Pratiquement tous les commentateurs et tous les observateurs ont fait le lien entre la visite de Sissi et l’annonce, trois semaines plus tard exactement, de l’intention de l’Exécutif américain d’ajouter la nébuleuse des Frères musulmans à sa liste noire des organisations terroristes. D’autant que Trump, qui a visiblement sympathisé avec son invité, n’a pas raté l’occasion de louer « le bon travail » qu’est en train de faire son homologue égyptien.
L’homme le plus heureux de l’annonce de la Maison-Blanche est incontestablement le président égyptien qui savoure déjà la perspective de voir ses pires ennemis épinglés par le président américain; et qui, dans le même temps, se délecte de sa capacité de convaincre la plus grande puissance du monde de se ranger aux côtés de l’Egypte dans sa bataille incessante contre la confrérie.
L’homme le plus malheureux de l’annonce de la Maison-Blanche est sans aucun doute le président turc Recep Tayyip Erdogan qui se lamente déjà de voir ses meilleurs amis et ses plus fidèles soutiens menacés de figurer d’un jour à l’autre sur la liste noire américaine des organisations terroristes.
Erdogan se trouve dans une situation cauchemardesque rien qu’en imaginant les conséquences désastreuses pour le parti islamiste turc qui vient de subir une catastrophe électorale dans les récentes élections municipales, où il a déjà laissé des plumes dans toutes les grandes villes turques.
On peut supposer sans risque d’erreur que les deux hommes sont en train de prier, chacun de son côté. Sissi prie pour que son beau rêve devienne réalité et Erdogan prie pour que son mauvais rêve ne se transforme pas en vrai cauchemar.
En attendant les résultats des prières de l’un et de l’autre, la vraie bataille qui décidera du sort de la confrérie se déroule à Washington. Le président Trump, son conseiller John Bolton et son secrétaire d’Etat Mike Pompeo sont pour l’inscription de la confrérie sur la liste des organisations terroristes. Alors que le département de la Défense et certaines agences de renseignements, dont la CIA, sont en train de faire toutes les pressions possibles pour les dissuader d’aller de l’avant.
Mais à supposer que Trump ne se laisse pas dissuader et aille jusqu’au bout, l’application de sa décision s’avérera un véritable casse-tête. Car la confrérie des Frères musulmans n’est pas une organisation comme les autres.
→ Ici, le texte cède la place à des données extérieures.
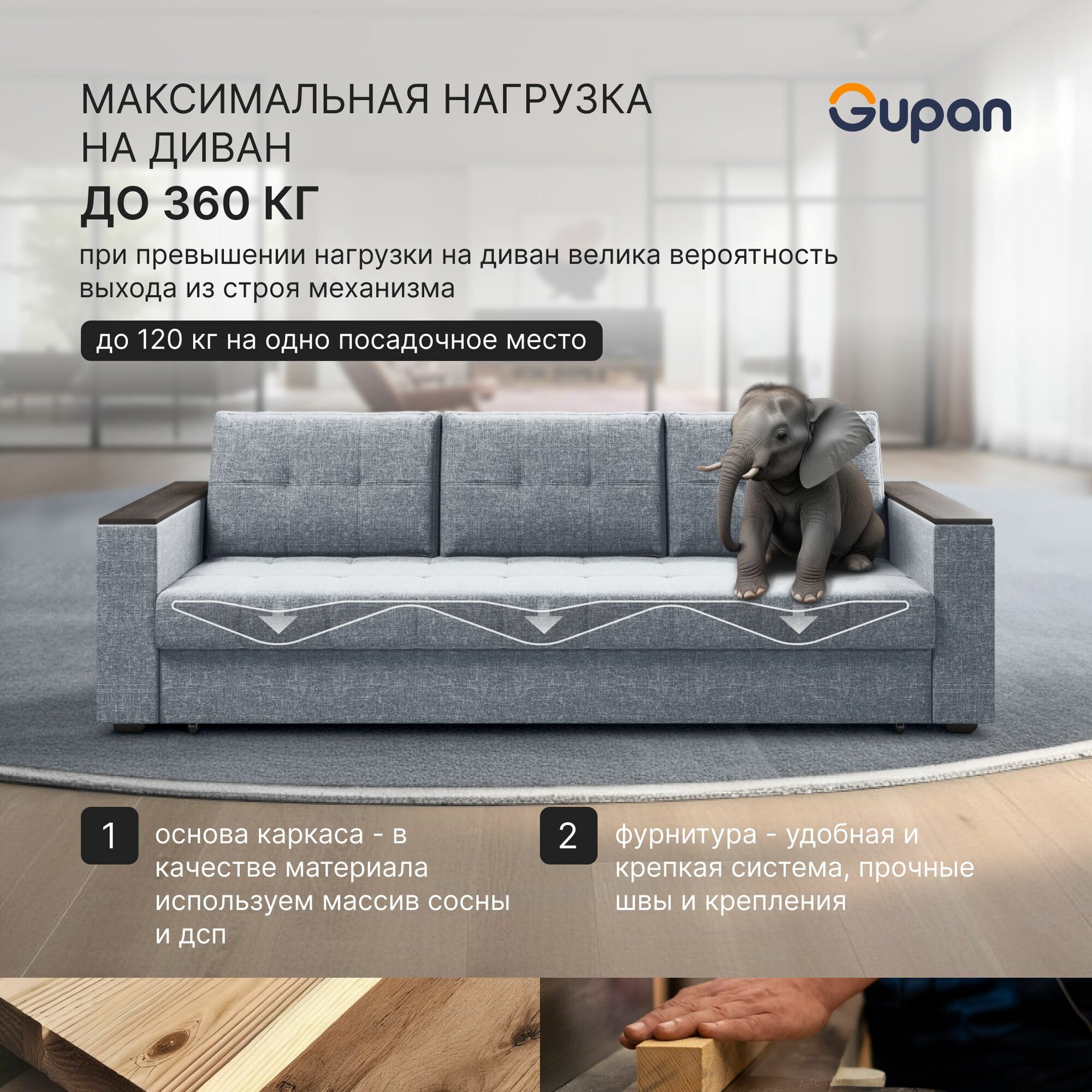 Диван кровать Gupan Алекс Рогожка Savana Mouse, раскладной, механизм выкатной, беспружинный, с ящиком для белья

C’est un labyrinthe composé de cellules, avec ou sans liens entre elles, qui sont présentes dans la plupart des pays du monde et disséminées sur les cinq continents.
On trouve des Frères musulmans dans tous les pays musulmans de l’Indonésie au Maroc et dans tous les pays chrétiens de la Suède à la Nouvelle-Zélande. Comment recenser toutes les composantes de ce labyrinthe et suivre tous ceux, pays, organisations ou individus qui coopèrent ouvertement ou secrètement avec elles ?
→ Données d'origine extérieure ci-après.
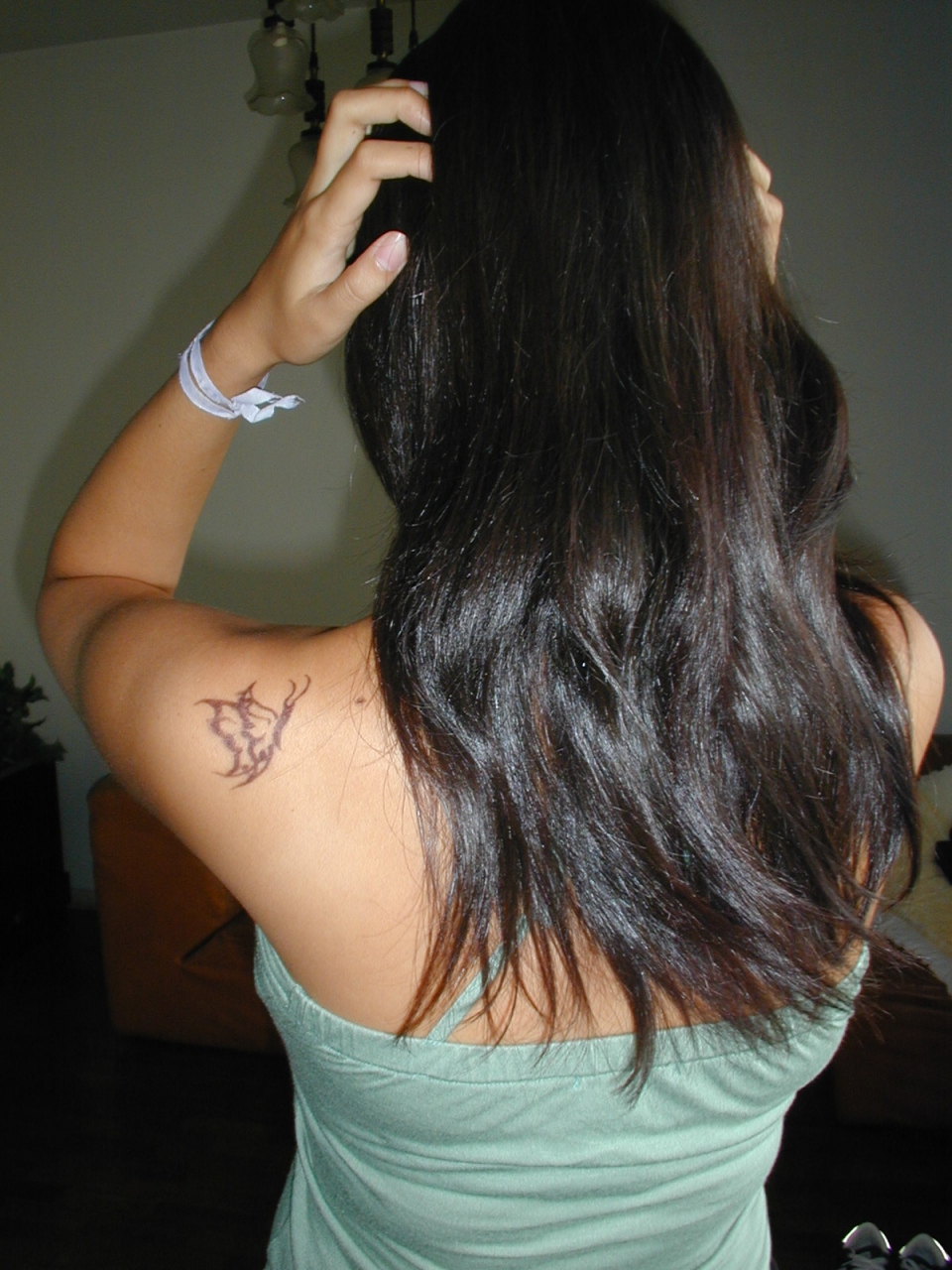 私は2週間くらいで消えるバタフライタトゥをしてもらいました。

Le lien entre le terrorisme et les Frères musulmans est une évidence. Leur organisation constitue, depuis sa naissance en 1928, le tronc sur lequel ont évolué avec le temps des branches et des ramifications dont les plus violentes sont Al Qaida, Annusra et Daech.
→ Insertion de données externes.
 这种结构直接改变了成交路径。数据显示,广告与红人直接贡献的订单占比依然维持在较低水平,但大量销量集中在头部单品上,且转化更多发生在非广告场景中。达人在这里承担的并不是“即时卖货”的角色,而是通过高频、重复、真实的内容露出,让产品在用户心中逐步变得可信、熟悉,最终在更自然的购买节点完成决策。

Ces organisations terroristes violentes n’ont pas surgi du néant. Leurs créateurs avaient fait leurs premiers pas dans l’organisation-mère des Frères musulmans, où ils étaient endoctrinés et coulés dans le moule de la Confrérie.
Plutôt que de mettre une nébuleuse d’organisations sur la liste noire du terrorisme, il serait peut-être plus efficace de mettre la pression sur les pays qui, à l’instar de la Turquie et du Qatar, les soutiennent depuis des années financièrement, politiquement et militairement, comme c’est le cas jusqu’à ce jour en Syrie et en Libye.
Les Frères et leurs principaux sponsors turcs et qataris sont sans doute inquiets de la procédure qui se prépare contre eux à la Maison-Blanche. Il leur reste toutefois la possibilité de prier le bon Dieu pour que les éléments les plus influents de l’Etat profond au Pentagone et à la CIA l’emportent, dans le bras de fer qui les oppose aux éléments les plus influents de l’Exécutif fédéral.